Statistics Canada Reports Canada's Population Fell 55,000 in Q1 2026
Statistics Canada said Canada’s population fell by about 55,000 people in the first quarter of 2026, a third consecutive quarterly decline. As of April 1, 2026, canada's population stood at 41.4 million people.
The drop came as the number of temporary residents decreased by roughly 118,000 people in the quarter, or 4.4 per cent. Temporary residents totaled 2.56 million on April 1, 2026, and made up 6.1 per cent of the population, down from 3.15 million and 7.6 per cent at their peak in late 2024.
Temporary residents fall below peak
Statistics Canada said the temporary resident count has been pushed lower by policy changes and processing pressures.
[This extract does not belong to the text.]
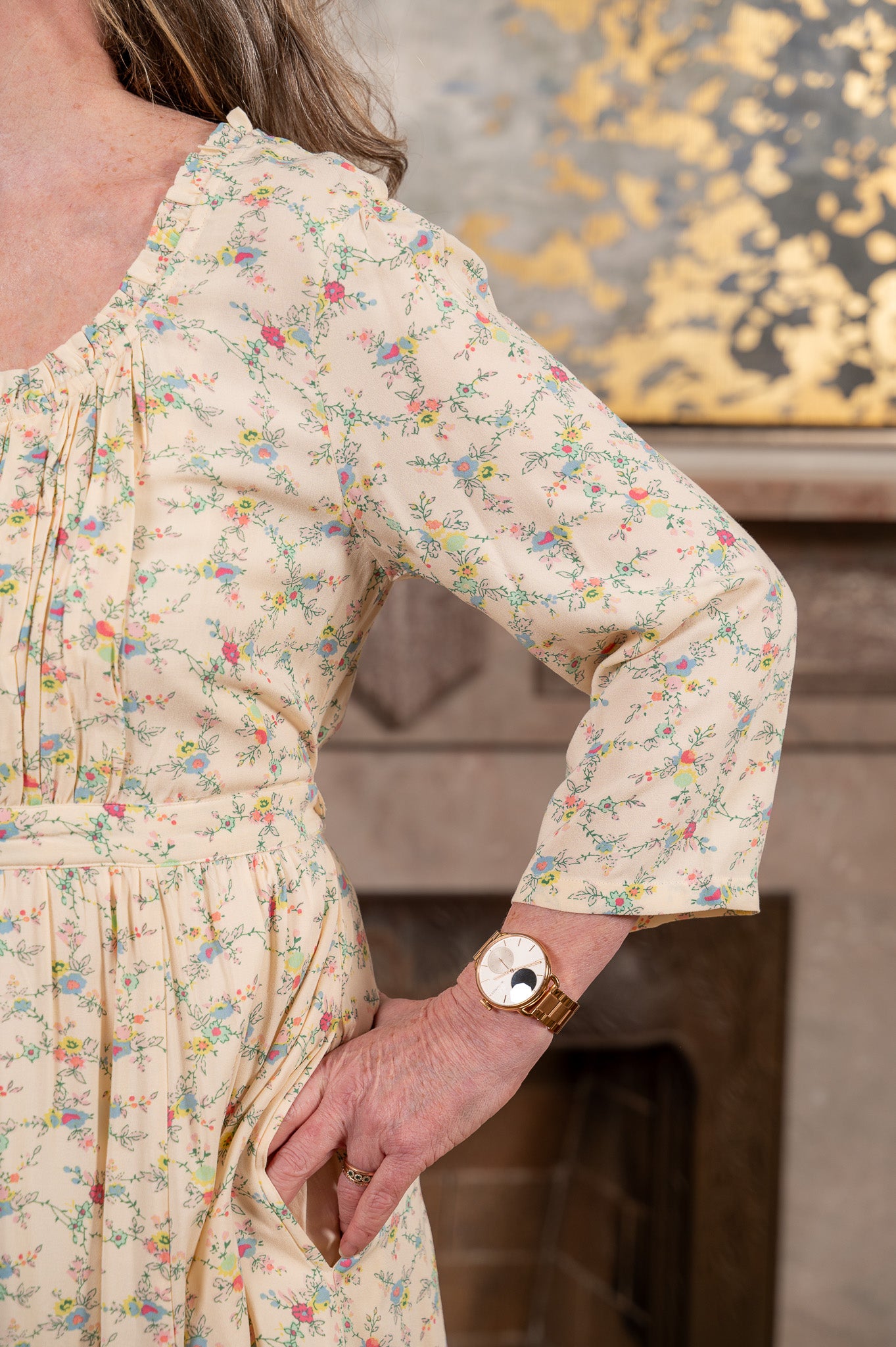Tiny trailing wildflowers in soft pinks, blues, and greens scatter across a warm cream rayon that drapes like a dream. The pintuck pleats at the bodice and waist give this dress a beautifully structured shape, while the fabric itself moves and flows with every step. A delicate ruffle at the neckline, agoya shell buttons down the front, and a button-tie back waist add the kind of thoughtful detail you notice more every time you wear it. Three-quarter sleeves make it easy to layer through the seasons, and those side seam pockets are right where you need them. Looks just as good with leather boots as it does with bare feet on a warm afternoon. A little bit Laura, a little bit now.

The agency said work and study permit extensions have increased, while processing times at the federal immigration department have lengthened.
Ottawa is targeting a temporary-resident level of 5 per cent of the total population by the end of 2027. The latest estimate leaves that goal still above the current share, even after the recent drop.
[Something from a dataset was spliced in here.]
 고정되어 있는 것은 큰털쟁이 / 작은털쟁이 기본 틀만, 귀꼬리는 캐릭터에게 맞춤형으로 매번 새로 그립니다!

Permanent resident admissions slow
Permanent resident admissions also ran below the recent pace. Statistics Canada estimated about 83,149 permanent resident admissions between January and April 2026, down 20.2 per cent from the same period in 2025.
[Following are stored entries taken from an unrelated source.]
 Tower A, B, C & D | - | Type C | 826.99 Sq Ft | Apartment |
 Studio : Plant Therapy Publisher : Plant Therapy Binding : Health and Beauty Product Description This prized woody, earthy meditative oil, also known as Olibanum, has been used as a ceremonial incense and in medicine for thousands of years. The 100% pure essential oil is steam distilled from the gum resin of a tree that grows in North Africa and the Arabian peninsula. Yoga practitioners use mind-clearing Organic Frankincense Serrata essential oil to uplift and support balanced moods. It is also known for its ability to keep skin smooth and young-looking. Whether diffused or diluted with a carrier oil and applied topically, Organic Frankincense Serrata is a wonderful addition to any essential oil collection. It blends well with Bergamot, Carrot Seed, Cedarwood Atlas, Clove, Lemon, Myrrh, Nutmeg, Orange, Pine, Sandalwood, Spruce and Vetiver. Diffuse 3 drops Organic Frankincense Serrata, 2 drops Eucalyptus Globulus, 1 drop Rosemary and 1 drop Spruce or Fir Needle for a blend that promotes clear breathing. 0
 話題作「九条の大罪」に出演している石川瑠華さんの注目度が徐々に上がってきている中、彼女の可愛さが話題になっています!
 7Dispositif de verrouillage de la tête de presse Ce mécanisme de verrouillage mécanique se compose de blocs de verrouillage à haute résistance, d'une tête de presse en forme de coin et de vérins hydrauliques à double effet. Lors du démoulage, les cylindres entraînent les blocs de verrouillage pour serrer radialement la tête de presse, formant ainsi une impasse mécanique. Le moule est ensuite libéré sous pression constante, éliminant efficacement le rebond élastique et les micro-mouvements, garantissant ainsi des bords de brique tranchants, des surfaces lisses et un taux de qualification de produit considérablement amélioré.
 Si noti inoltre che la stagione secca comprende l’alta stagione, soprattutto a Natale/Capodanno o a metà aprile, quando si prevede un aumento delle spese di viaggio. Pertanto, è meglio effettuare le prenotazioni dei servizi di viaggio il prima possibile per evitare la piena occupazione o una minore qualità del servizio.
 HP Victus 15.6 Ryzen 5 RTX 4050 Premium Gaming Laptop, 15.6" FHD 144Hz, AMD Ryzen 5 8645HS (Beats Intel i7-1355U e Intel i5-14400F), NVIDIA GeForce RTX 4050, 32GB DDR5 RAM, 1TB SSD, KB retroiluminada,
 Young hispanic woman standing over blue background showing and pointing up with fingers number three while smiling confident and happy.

The federal government’s current annual target for permanent resident admissions is 380,000 people, which is just under 1 per cent of the total population. Statistics Canada also said the population was about 0.5 per cent higher a year earlier, at 41.6 million people.
Policy changes after 2024
The population decline follows adjustments introduced in 2024 and 2025 under Justin Trudeau’s government that made it more difficult for international students and temporary foreign workers to arrive and stay in Canada. Canada’s population grew significantly between 2022 and 2024 before the recent decline.
Don Drummond and Parisa Mahboubi wrote in a research report released last month by the C.D. Howe Institute that “Sustained improvement in economic growth under moderate immigration would require stronger productivity growth, higher labour force participation and increased hours worked.”
Statistics Canada said temporary resident figures are estimates and warned they could see “more pronounced upward changes” in the months ahead. For now, the latest release shows the population mix moving in the direction Ottawa has set, but not yet reaching the share it wants by the end of 2027.